September 19, 1994|By New York Times News Service

Thirteen chiefs and commissioners of fire departments around the country, most representing major cities, have called on the tobacco industry to manufacture fire-safe cigarettes, making use a simple technology that, they say, could save hundreds of lives each year.

The coalition, forged by New York's City Fire Commissioner Howard Safir, includes the chiefs of the Chicago, Boston, Detroit, Atlanta, Houston and Miami departments. Also joining the call is the International Association of Fire Chiefs, representing 32,000 departments.

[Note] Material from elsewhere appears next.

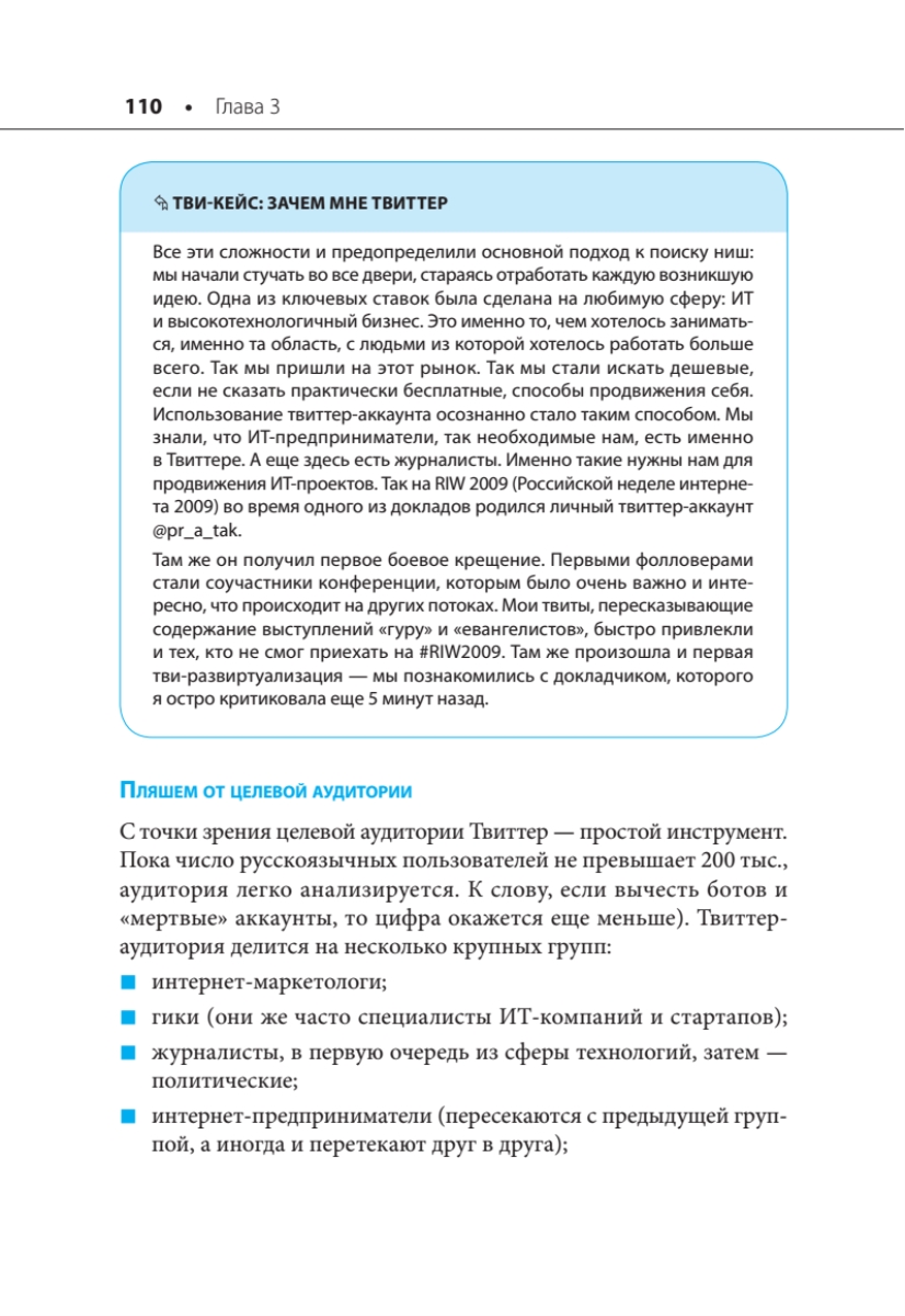 Количество пользователей Твиттера давно превысило цифру 150 миллионов. Российских твиттерян уже больше 500 тысяч и прирост осуществляется совершенно немыслимыми темпами — за последний год количество русскоязычных пользователей Твиттера выросло в 26 раз. А после регистрации личного аккаунта президентом Дмитрием Медведевым в России случился буквально тви-бум. Что же представляет собой "чирикающий" сервис? Чем он отличается от других социальных сетей и для чего он может быть полезен? С чего начать, как пользоваться арсеналом возможностей, которые предоставляет сам Твиттер и сотни сопутствующих сервисов? Как создать корпоративный Твиттер и заставить его работать на свой бизнес? На эти и многие другие вопросы вы найдете ответы в этой книге.

"The No. 1 cause of deaths from fire is smoking, and most of these deaths occur when somebody falls asleep and drops a cigarette on a piece of furniture or a mattress," Mr. Safir said last week. "The fire-safe cigarette would not ignite those materials. The tobacco industry has that capability now, and what it requires is a change in the manufacturing process, not the development of new technology."

But the tobacco industry said there were obstacles in the way of manufacturing fire-safe cigarettes.

The federal tests that concluded that the cigarettes were technically feasible, the industry says, did not determine whether modified cigarettes would cause health problems, whether people would buy them or whether factors other than cigarettes were the real causes of smoking-related fires. Cigarette companies have also said the cigarettes taste bad and are difficult to draw smoke through.

In 1991, according to the most recent statistics available, there were 187,100 tobacco-related fires in the nation. Of the 4,465 fire-related deaths that year, 951, or 21 percent, were attributed to tobacco.

And of the 29,375 fire-related injuries, 3,381 were caused by smoking, government and private studies showed.